Exactly the lines from the line with "贈(zèng)車交接儀式上,棲霞德豐食品" through the final line of the records below, both ends included, are to be set down. Do not include pictures.

Data listing =>
%%
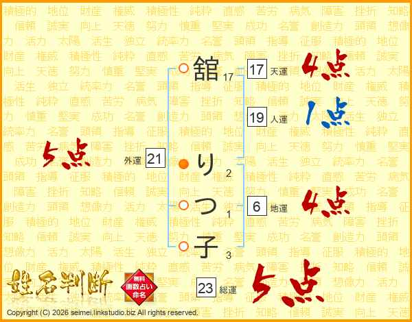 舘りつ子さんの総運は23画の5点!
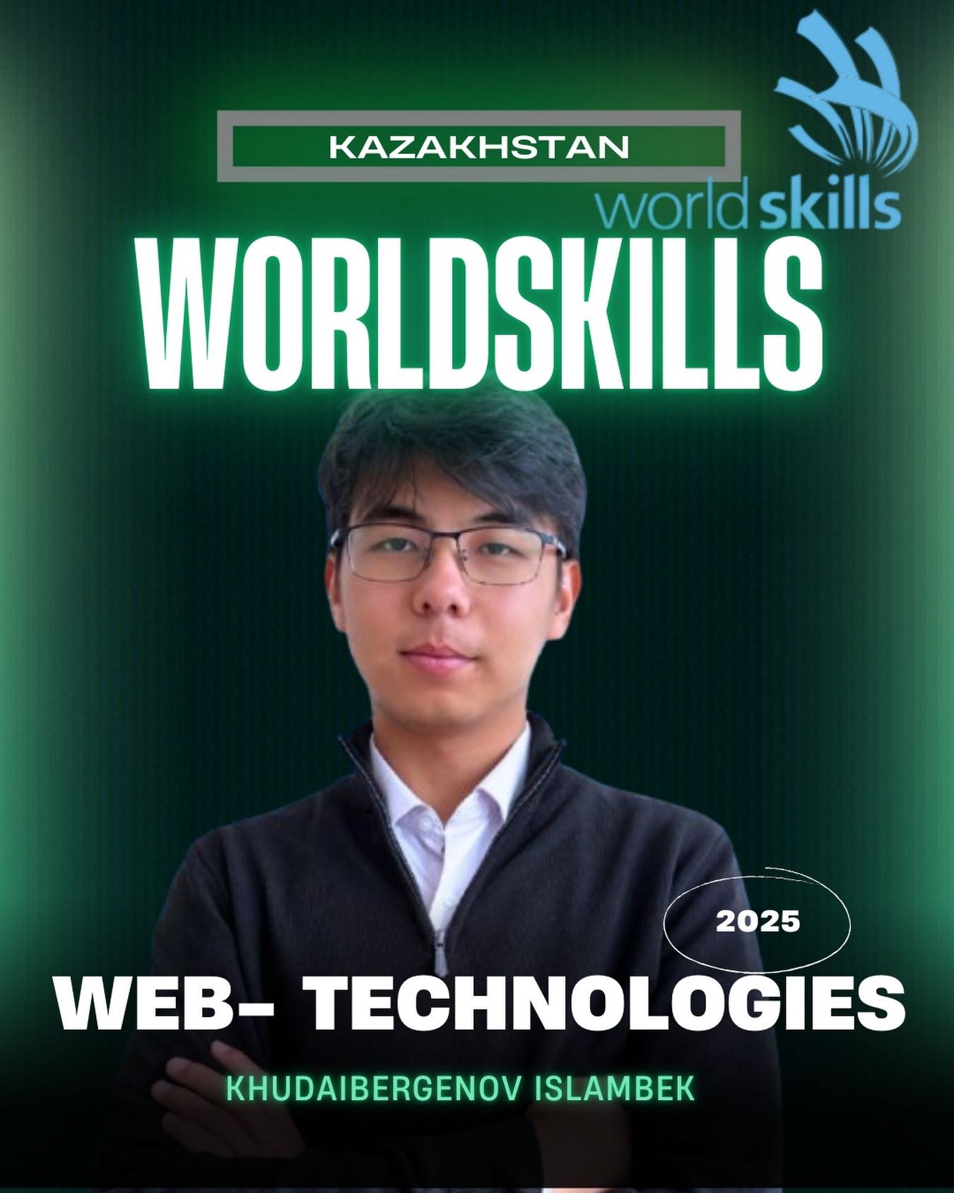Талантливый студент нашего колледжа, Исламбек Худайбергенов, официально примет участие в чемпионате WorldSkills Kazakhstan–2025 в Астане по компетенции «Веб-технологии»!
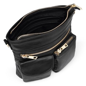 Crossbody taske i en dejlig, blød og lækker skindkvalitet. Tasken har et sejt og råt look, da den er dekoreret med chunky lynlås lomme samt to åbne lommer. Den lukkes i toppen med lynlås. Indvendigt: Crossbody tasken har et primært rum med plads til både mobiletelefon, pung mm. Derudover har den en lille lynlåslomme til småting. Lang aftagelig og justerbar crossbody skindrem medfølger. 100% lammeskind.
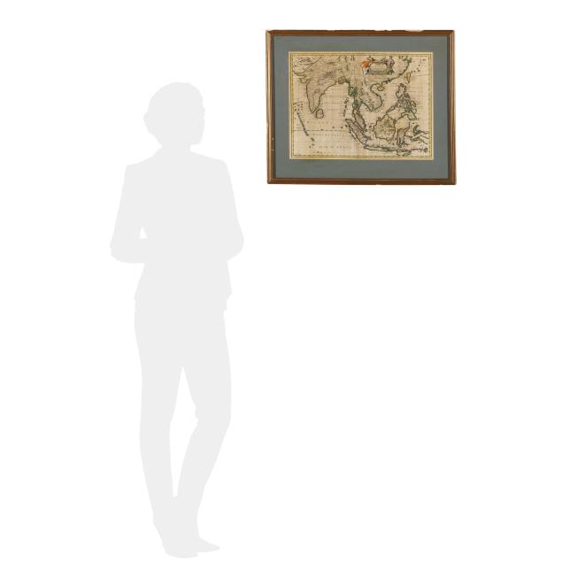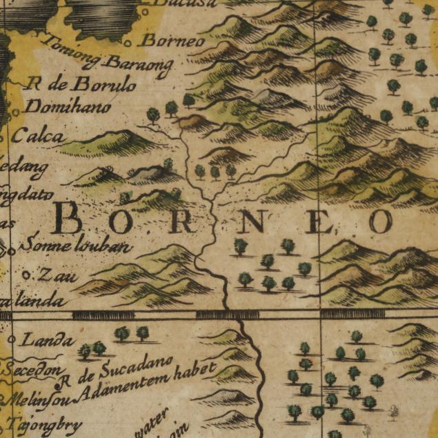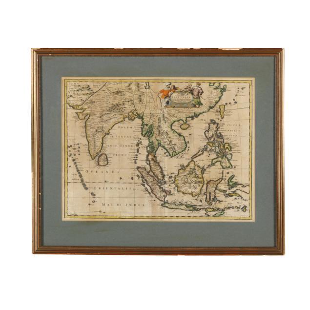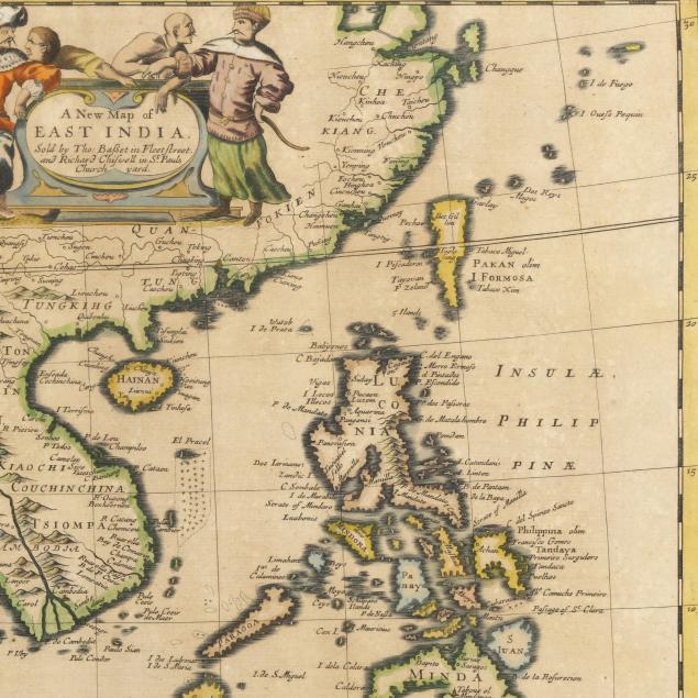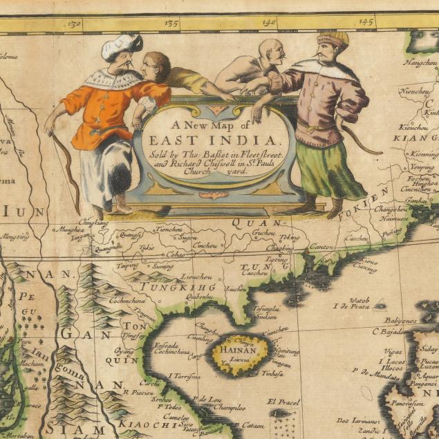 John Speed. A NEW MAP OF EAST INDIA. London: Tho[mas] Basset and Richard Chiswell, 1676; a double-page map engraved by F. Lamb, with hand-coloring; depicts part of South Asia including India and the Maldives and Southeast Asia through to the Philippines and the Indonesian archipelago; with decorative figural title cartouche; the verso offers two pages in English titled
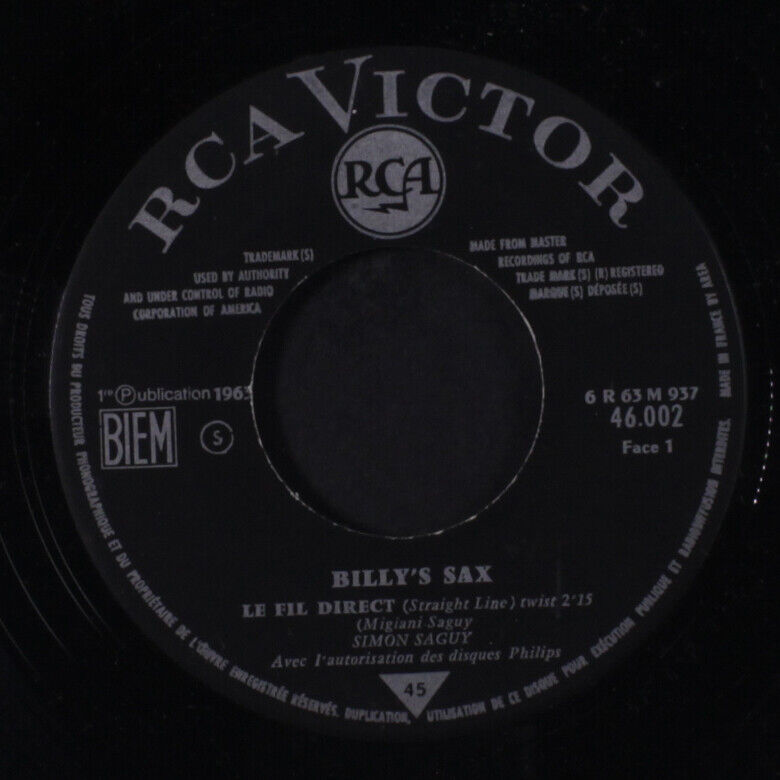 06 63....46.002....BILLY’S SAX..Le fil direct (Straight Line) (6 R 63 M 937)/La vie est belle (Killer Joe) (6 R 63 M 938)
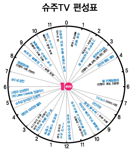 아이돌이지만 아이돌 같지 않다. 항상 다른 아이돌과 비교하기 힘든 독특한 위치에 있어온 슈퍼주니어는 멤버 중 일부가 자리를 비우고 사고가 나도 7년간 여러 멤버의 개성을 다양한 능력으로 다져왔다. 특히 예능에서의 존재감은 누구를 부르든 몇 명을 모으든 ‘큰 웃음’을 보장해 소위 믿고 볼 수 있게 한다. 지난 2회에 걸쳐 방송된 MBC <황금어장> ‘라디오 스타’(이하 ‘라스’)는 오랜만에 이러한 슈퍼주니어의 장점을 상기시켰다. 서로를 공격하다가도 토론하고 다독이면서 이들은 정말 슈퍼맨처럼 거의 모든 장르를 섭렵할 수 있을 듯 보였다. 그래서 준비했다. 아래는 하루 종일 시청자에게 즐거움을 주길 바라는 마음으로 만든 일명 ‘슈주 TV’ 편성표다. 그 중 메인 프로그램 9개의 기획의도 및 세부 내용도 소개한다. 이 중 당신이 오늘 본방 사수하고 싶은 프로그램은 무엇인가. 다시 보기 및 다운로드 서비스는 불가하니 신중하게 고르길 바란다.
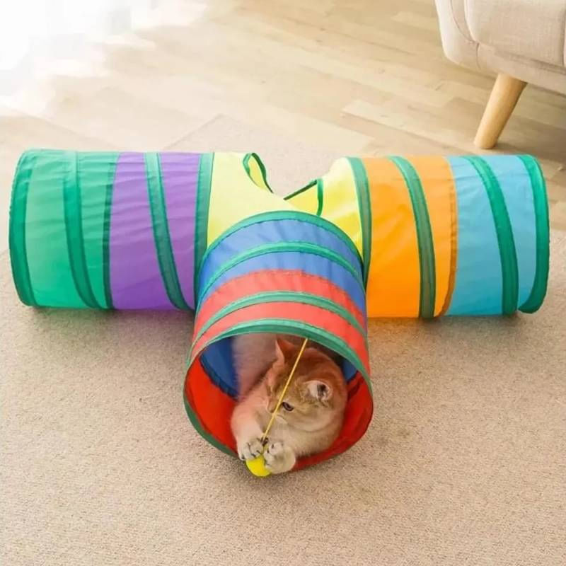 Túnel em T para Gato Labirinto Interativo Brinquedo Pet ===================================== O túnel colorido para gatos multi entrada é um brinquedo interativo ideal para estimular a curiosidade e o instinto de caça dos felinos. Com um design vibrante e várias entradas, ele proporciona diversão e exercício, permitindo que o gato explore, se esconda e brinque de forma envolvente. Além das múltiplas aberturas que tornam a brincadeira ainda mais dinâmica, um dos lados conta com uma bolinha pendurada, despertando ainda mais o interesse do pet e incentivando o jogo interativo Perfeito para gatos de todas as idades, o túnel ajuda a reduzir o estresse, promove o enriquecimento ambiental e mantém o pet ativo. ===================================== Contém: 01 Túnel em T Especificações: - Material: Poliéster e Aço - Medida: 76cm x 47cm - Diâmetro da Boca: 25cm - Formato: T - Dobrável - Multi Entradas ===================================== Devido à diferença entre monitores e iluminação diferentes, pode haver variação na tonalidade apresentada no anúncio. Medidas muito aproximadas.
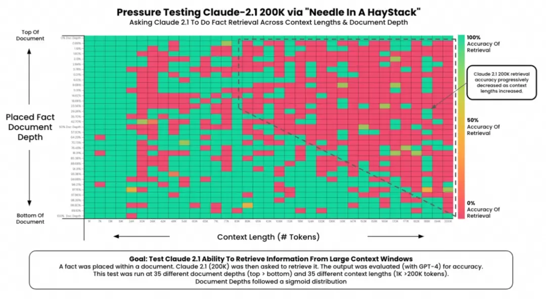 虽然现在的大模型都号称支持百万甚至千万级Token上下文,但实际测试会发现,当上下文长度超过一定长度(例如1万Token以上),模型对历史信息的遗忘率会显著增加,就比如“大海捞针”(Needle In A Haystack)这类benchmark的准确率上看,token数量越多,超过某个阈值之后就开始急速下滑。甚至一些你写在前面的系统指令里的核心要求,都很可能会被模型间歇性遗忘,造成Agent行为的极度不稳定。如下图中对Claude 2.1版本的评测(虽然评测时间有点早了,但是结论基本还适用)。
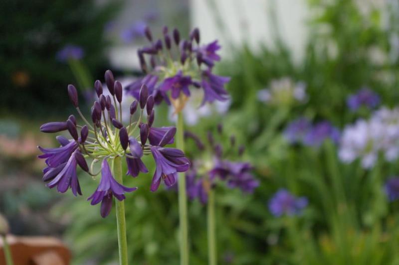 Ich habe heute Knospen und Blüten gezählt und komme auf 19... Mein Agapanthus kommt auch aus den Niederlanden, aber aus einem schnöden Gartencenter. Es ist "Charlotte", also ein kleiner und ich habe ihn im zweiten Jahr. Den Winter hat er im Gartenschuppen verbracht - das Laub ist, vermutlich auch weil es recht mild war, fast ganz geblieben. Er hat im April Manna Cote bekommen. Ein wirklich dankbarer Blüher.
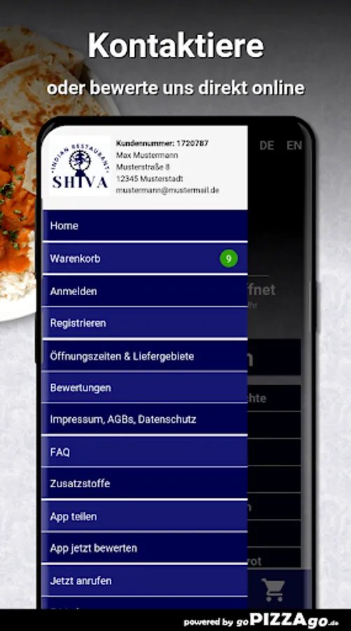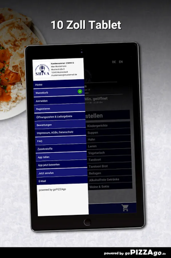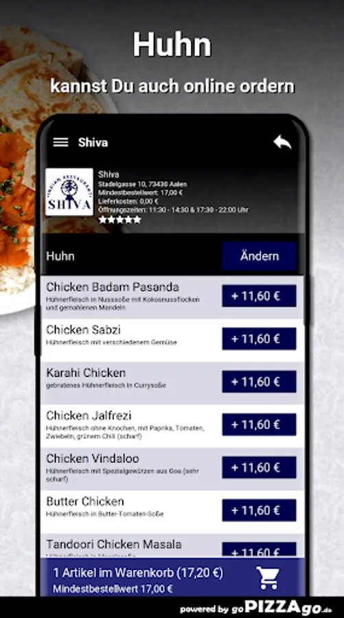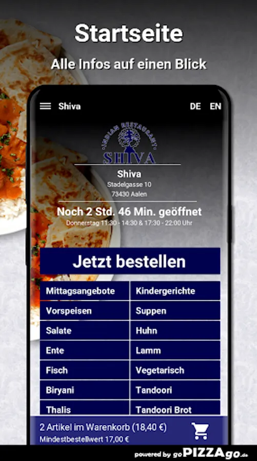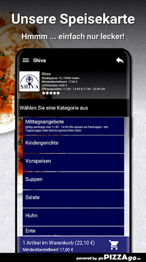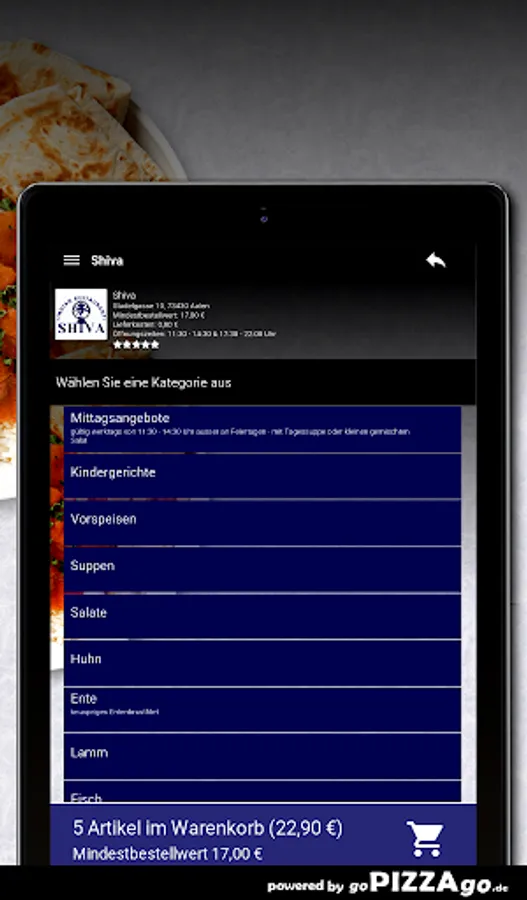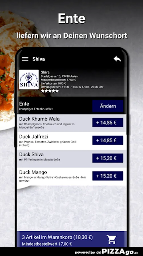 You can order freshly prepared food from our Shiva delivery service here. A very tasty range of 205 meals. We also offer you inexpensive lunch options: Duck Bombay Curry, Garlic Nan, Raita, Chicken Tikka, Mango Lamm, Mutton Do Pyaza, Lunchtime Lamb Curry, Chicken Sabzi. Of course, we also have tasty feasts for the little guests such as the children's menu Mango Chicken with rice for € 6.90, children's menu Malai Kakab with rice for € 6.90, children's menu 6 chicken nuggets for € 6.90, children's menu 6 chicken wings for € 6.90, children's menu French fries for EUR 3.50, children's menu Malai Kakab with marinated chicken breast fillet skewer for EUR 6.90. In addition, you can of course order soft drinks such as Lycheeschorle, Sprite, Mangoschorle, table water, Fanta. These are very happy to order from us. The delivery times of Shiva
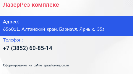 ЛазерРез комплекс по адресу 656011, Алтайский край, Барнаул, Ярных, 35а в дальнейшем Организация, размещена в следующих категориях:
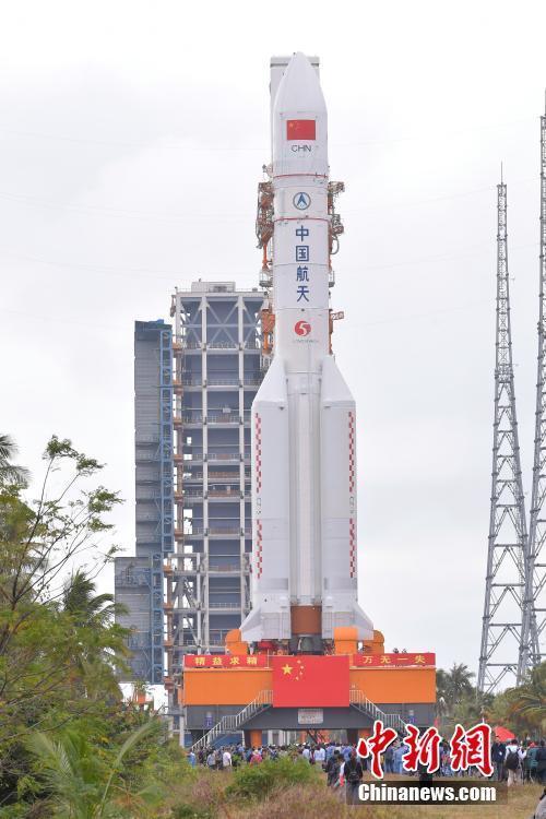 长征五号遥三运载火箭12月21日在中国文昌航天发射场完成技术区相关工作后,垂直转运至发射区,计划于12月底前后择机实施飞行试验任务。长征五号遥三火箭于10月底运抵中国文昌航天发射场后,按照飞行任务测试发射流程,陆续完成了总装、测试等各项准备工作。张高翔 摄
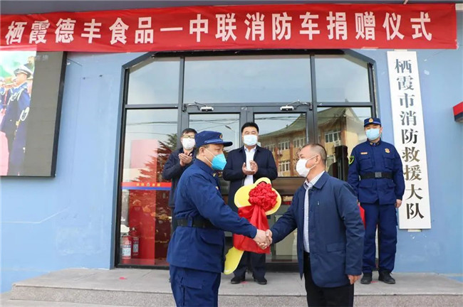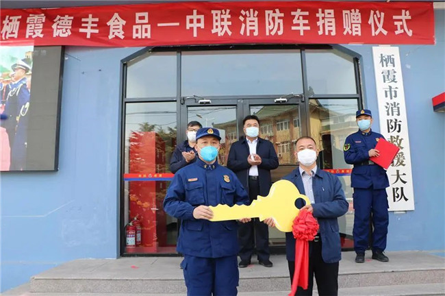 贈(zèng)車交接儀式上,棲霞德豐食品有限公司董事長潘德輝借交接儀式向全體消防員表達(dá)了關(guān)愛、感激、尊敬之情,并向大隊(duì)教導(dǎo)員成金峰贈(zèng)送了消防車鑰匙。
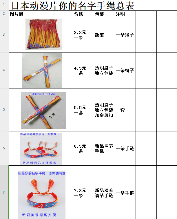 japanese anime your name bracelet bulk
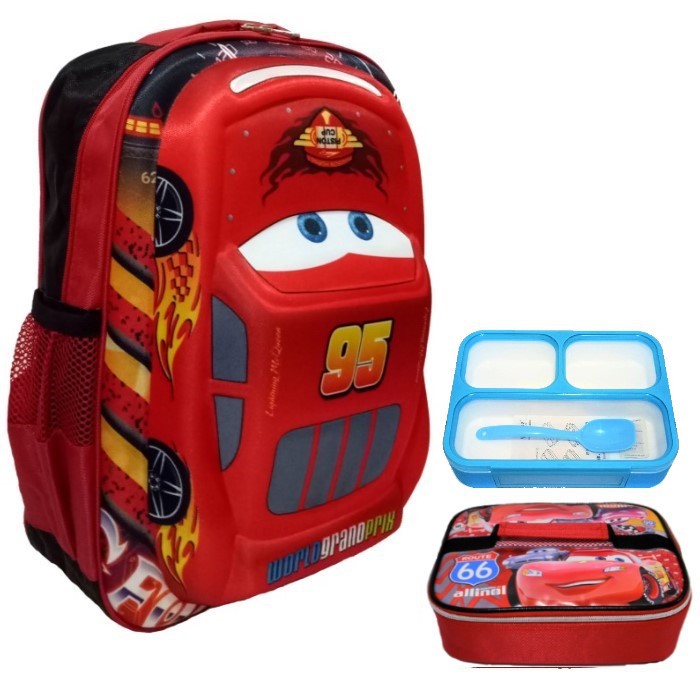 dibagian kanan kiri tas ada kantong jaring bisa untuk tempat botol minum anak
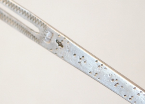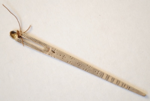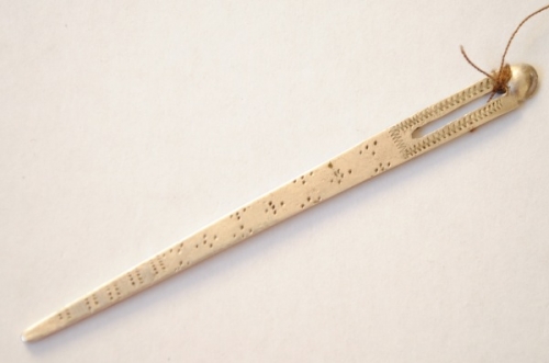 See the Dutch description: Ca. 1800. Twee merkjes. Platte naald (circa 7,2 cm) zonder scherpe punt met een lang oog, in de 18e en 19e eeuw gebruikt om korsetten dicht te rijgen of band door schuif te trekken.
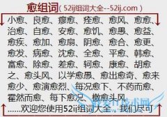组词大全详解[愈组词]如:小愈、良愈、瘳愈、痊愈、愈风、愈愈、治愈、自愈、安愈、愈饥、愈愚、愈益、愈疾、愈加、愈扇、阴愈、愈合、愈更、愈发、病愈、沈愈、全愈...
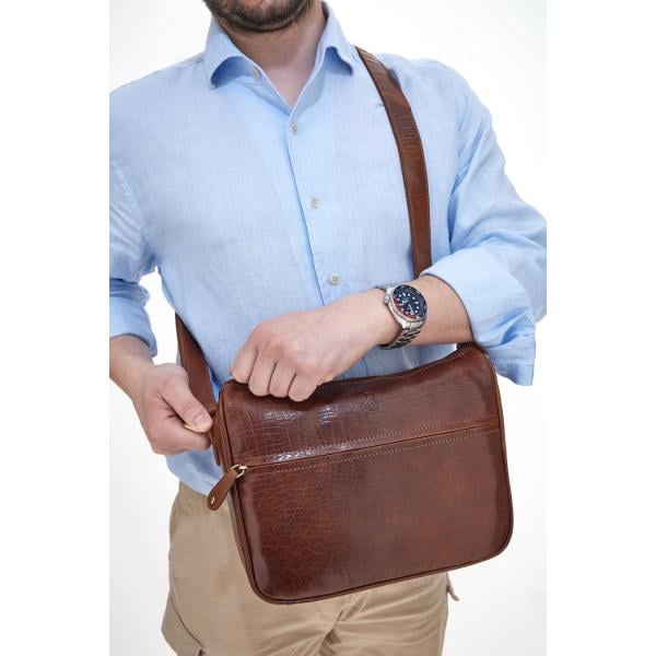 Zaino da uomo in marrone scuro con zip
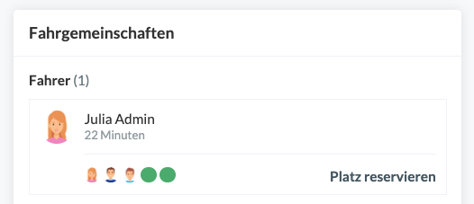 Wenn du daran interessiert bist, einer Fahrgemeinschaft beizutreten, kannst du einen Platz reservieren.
%%
Result for this task =>
 贈(zèng)車交接儀式上,棲霞德豐食品有限公司董事長潘德輝借交接儀式向全體消防員表達(dá)了關(guān)愛、感激、尊敬之情,并向大隊(duì)教導(dǎo)員成金峰贈(zèng)送了消防車鑰匙。
 japanese anime your name bracelet bulk
 dibagian kanan kiri tas ada kantong jaring bisa untuk tempat botol minum anak
 See the Dutch description: Ca. 1800. Twee merkjes. Platte naald (circa 7,2 cm) zonder scherpe punt met een lang oog, in de 18e en 19e eeuw gebruikt om korsetten dicht te rijgen of band door schuif te trekken.
组词大全详解[愈组词]如:小愈、良愈、瘳愈、痊愈、愈风、愈愈、治愈、自愈、安愈、愈饥、愈愚、愈益、愈疾、愈加、愈扇、阴愈、愈合、愈更、愈发、病愈、沈愈、全愈...
 Zaino da uomo in marrone scuro con zip
 Wenn du daran interessiert bist, einer Fahrgemeinschaft beizutreten, kannst du einen Platz reservieren.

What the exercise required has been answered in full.